Saverino Daniele, Simone Rita, Bagnasco Marcello, Pesce Giampaola
Section of Human Anatomy, Department of Experimental Medicine, University of Genova, Genova, Italy.
Medical and Radiometabolic Therapy Unit, Department of Internal Medicine, University of Genova, Viale Benedetto XV, 6, 16132 Genova, Italy.
Auto Immun Highlights. 2010 Nov 4;1(2):73-81. doi: 10.1007/s13317-010-0011-7. eCollection 2010 Nov.
CTLA-4, initially described as a membranebound molecule, is a costimulatory receptor transducing a potent inhibitory signal. Increasing evidence shows the CTLA-4 gene to be an important susceptibility locus for autoimmune endocrinopathies and other autoimmune disorders. A soluble form of cytotoxic T-lymphocyte-associated antigen-4 (sCTLA-4) has been established and shown to possess CD80/CD86 binding activity and in vitro immunoregulatory functions. sCTLA-4 is generated by alternatively spliced mRNA. Whereas low levels of sCTLA-4 are detected in normal human serum, increased serum levels are observed in several autoimmune diseases (e.g. Graves' disease, myasthenia gravis, systemic lupus erythematosus, type 1 diabetes, systemic sclerosis, coeliac disease, autoimmune pancreatitis and primary biliary cirrhosis). The biological significance of increased sCTLA-4 serum levels is not fully clarified yet. On the one hand, it can be envisaged that sCTLA-4 specifically inhibits early T-cell activation by blocking the interaction of CD80/CD86 with the costimulatory receptor CD28. On the other hand, higher levels of sCTLA-4 could compete for the binding of the membrane form of CTLA-4 with CD80/CD86 in the later phases of T-lymphocyte activation, causing a reduction in inhibitory signalling. This double-edged nature of sCTLA-4 to block the binding of CD28 to CD80/CD86 may result in different outcomes during the clinical course of an autoimmune disease.
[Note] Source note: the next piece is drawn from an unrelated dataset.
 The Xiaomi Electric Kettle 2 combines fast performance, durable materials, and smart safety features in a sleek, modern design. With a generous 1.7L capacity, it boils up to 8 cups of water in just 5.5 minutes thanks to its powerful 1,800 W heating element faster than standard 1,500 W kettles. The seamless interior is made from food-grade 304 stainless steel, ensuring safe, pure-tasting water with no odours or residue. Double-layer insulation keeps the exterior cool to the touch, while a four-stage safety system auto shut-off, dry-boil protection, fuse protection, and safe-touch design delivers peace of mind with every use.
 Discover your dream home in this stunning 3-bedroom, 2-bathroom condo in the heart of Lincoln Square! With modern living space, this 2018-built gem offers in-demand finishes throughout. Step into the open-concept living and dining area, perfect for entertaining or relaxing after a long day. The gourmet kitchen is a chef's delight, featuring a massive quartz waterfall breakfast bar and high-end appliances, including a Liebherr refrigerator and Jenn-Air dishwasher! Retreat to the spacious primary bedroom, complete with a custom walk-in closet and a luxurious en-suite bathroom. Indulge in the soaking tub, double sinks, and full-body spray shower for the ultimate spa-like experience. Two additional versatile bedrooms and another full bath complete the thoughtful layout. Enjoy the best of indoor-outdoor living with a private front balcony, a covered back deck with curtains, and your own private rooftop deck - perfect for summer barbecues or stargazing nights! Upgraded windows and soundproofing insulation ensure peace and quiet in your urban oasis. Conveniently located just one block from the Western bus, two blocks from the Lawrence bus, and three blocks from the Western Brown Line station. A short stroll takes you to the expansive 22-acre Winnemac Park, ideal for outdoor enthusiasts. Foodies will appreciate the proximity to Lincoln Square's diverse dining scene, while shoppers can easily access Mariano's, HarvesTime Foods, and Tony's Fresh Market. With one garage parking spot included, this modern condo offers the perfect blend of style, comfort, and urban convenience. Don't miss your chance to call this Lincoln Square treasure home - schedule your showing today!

细胞毒性T淋巴细胞相关抗原4(CTLA-4)最初被描述为一种膜结合分子,是一种共刺激受体,可转导强大的抑制信号。越来越多的证据表明,CTLA-4基因是自身免疫性内分泌病和其他自身免疫性疾病的重要易感基因座。一种可溶性形式的细胞毒性T淋巴细胞相关抗原4(sCTLA-4)已被证实具有CD80/CD86结合活性和体外免疫调节功能。sCTLA-4由可变剪接的mRNA产生。正常人体血清中可检测到低水平的sCTLA-4,而在几种自身免疫性疾病(如格雷夫斯病、重症肌无力、系统性红斑狼疮、1型糖尿病、系统性硬化症、乳糜泻、自身免疫性胰腺炎和原发性胆汁性肝硬化)中,血清水平会升高。sCTLA-4血清水平升高的生物学意义尚未完全阐明。一方面,可以设想sCTLA-4通过阻断CD80/CD86与共刺激受体CD28的相互作用来特异性抑制早期T细胞活化。另一方面,在T淋巴细胞活化的后期,较高水平的sCTLA-4可能会竞争CTLA-4膜形式与CD80/CD86的结合,导致抑制信号减少。sCTLA-4阻断CD28与CD80/CD86结合的这种双刃剑性质可能会在自身免疫性疾病的临床过程中导致不同的结果。